Signs you might benefit from professional support:
Persistent inability to function at work beyond the early weeks
Intense guilt or self-blame that doesn’t soften over time
Feeling hopeless or disconnected from everything
Thoughts that life isn’t worth living
This isn’t about pathologizing grief. It’s about recognizing when the load has become too heavy to carry alone. Many workplaces have Employee Assistance Programs (EAPs) or mental health benefits that include grief support.[2][6][14]
If you’re a manager reading this
You may be here because someone on your team lost a dog and you’re not sure what to do. The research gives you a simple starting map:
Acknowledge the loss plainly.
“I’m really sorry to hear about your dog. I know how important they were to you.”
Ask, don’t assume.
“How can we best support you this week?”
“Would time off, flexible hours, or adjusting some responsibilities help?”
Offer options, not pressure.Some people want to talk; others don’t. You can say:
“If you ever feel like sharing more about them, I’d be honored to listen. And if you’d rather keep things focused on work, that’s okay too.”
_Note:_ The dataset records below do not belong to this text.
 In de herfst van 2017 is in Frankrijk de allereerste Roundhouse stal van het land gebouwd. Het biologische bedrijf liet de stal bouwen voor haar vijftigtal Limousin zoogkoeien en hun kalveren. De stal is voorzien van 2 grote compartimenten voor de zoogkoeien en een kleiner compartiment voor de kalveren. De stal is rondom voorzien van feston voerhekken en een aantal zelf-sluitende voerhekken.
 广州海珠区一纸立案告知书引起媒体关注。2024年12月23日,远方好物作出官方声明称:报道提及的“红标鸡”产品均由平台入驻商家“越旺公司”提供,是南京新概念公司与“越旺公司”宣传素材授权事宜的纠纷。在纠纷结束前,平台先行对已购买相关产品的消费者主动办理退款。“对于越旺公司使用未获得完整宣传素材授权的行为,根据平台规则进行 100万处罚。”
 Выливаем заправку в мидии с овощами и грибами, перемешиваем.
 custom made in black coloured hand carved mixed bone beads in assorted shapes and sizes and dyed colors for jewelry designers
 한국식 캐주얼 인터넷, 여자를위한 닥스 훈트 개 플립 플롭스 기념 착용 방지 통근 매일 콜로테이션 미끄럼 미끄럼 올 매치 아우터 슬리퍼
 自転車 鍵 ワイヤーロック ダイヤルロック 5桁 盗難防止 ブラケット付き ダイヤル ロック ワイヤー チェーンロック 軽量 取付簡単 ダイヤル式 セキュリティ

Remember that grief doesn’t end when leave does.Check in again a few weeks later. Anniversaries and unexpected reminders can be hard.[6]
You don’t need perfect words. Presence and flexibility matter more than eloquence.
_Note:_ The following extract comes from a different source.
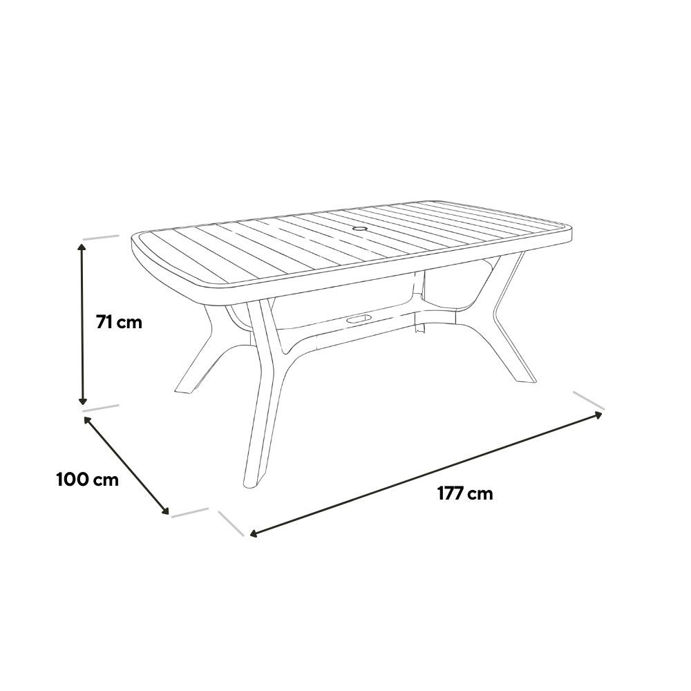 Potrivită ca masă de exterior pentru grădină, terasă sau balcon spațios. Se combină ușor cu diverse modele de scaune și accesorii, fiind o alegere practică pentru întâlniri de familie, grătare sau cafeaua de dimineață.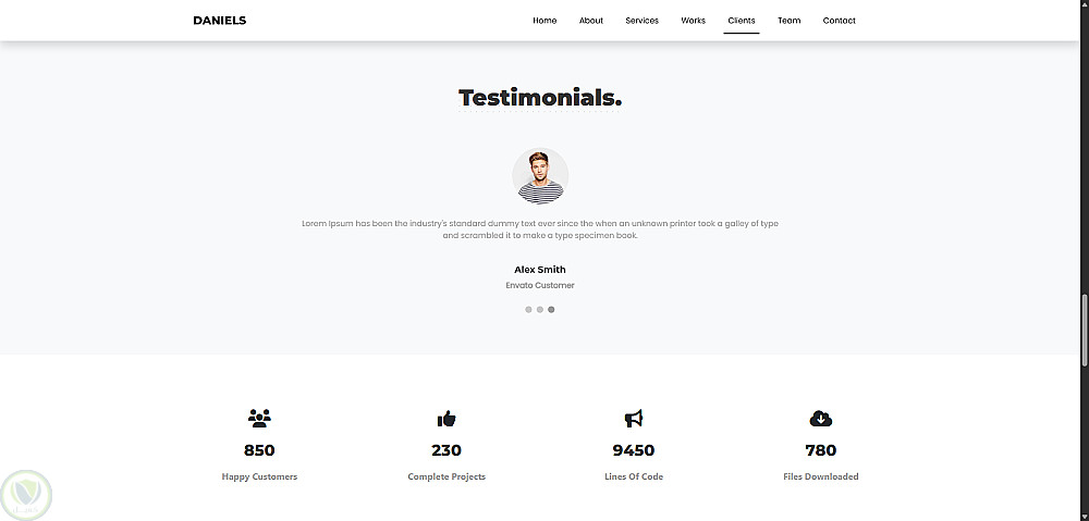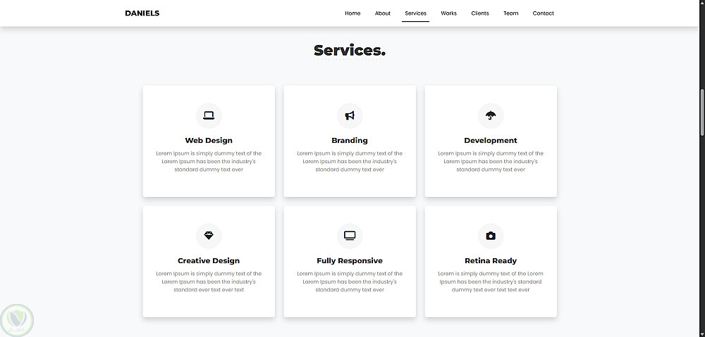 قمت بتطوير موقع Portfolio Template باسم Daniels باستخدام HTML, CSS, Bootstrap.

When the car-crying phase feels endless
There’s a particular kind of loneliness in those moments before and after work:
Crying in the car before walking into the office
Sitting in your driveway after work because going into a dog-less house hurts too much
Muting yourself in a video meeting because your voice might crack if you speak
Research can’t fully touch those moments. But it can tell you this:
Your reactions are within the wide band of normal human grief.
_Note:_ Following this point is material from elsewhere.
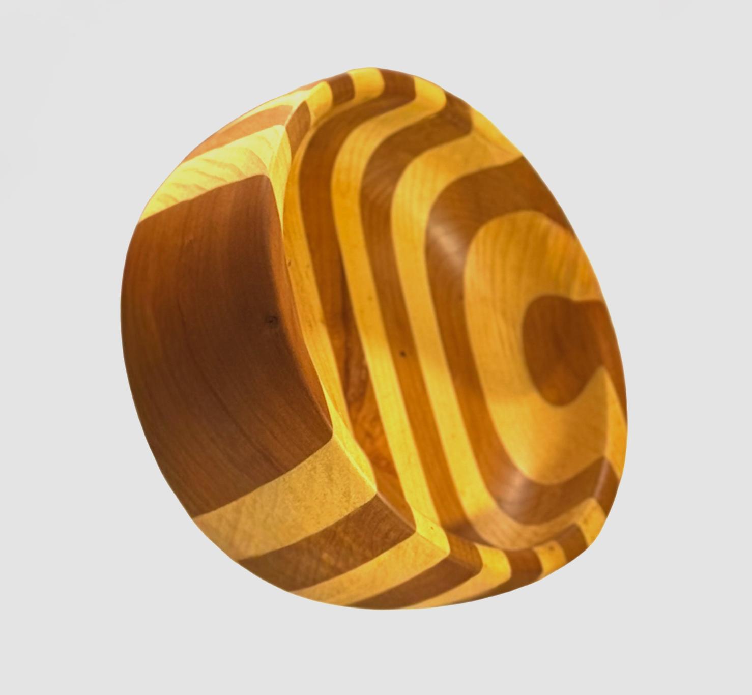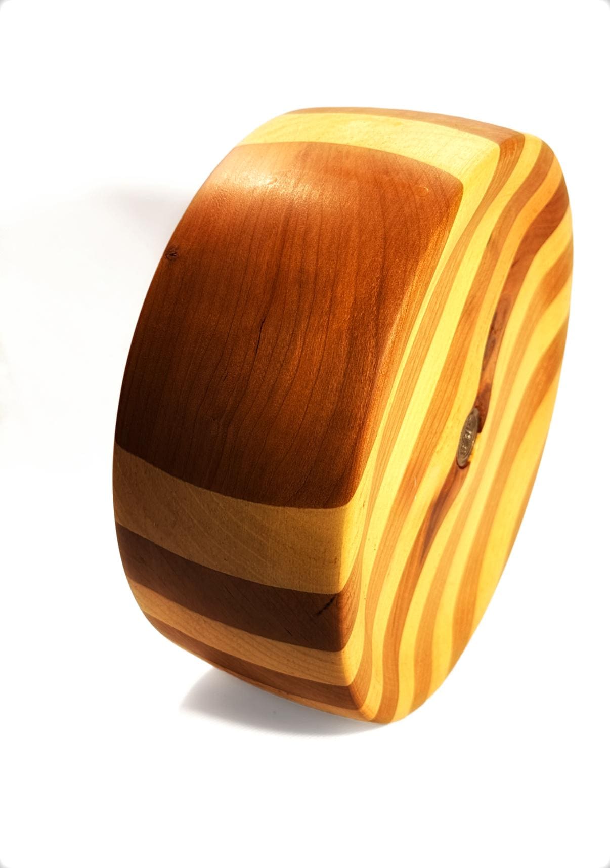 This handcrafted bowl combines the rich warmth of cherry with the soft golden tones of pine, joined together and turned on the lathe to reveal a beautiful striped design. Each layer highlights the natural contrast and harmony between the two woods.

The way your workplace responds can ease or intensify your pain, but it doesn’t define its legitimacy.
Feeling less productive, less sharp, or less sociable right now is not a moral failure. It’s an expected side effect of loss.[2][7][8][10]
If nothing else, you can hold onto this:Grief is not something you’re doing wrong at work. It’s something real that is happening to you while you’re at work.
Over time, the balance shifts. The crying-in-the-car days become fewer. The memories become less like open wounds and more like quiet, bittersweet companions. The shape of your life changes around the space your dog once filled.
Your job is not to rush that process to make other people comfortable. Your job is to move through it in a way that’s survivable for you, using whatever support your workplace, your people, and your own good sense can offer.
References
Hansen, K. N. “Working Through Grief: Exploring the Relationship Between Organizational Support on Employee Engagement, Satisfaction, and Loyalty.” TJM Scholastica.
Talkspace. “Supporting Grieving Employees in the Workplace.”
Harms, L., et al. “Work-related grief and bereavement experiences of social workers.” PubMed.
American Institute of Health Care Professionals (AIHCP). “Grief Counseling: Coping with the Death of a Co-Worker.”
ehospice. “When grief and work collide: a research study.”
Spring Health. “A Therapist's Take on Grief's Impact at Work and How to Offer Support.”
D. J. Balk et al. “The Effect of Bereavement Grief and Organizational Policies on Job Behaviors.” Sage Journals.
SAIF. “Grief at Work.”
Granek, L., et al. “Hidden in Plain Sight: A Scoping Review of Professional Grief.” NIH PMC.
Edgewood College Blog. “Grief in the Workplace: How Thanatology Can Improve HR Policies.”
University of Nebraska–Lincoln. “Supporting Colleagues Through Grief and Loss.”
Stanford Help Center. “Serious Illness, Death and Grieving in the Workplace.”
Society for Human Resource Management (SHRM). “Grief Support Can Help Bereaved Workers Deal with Loss.”
Mental Health America. “Bereavement and Grief.”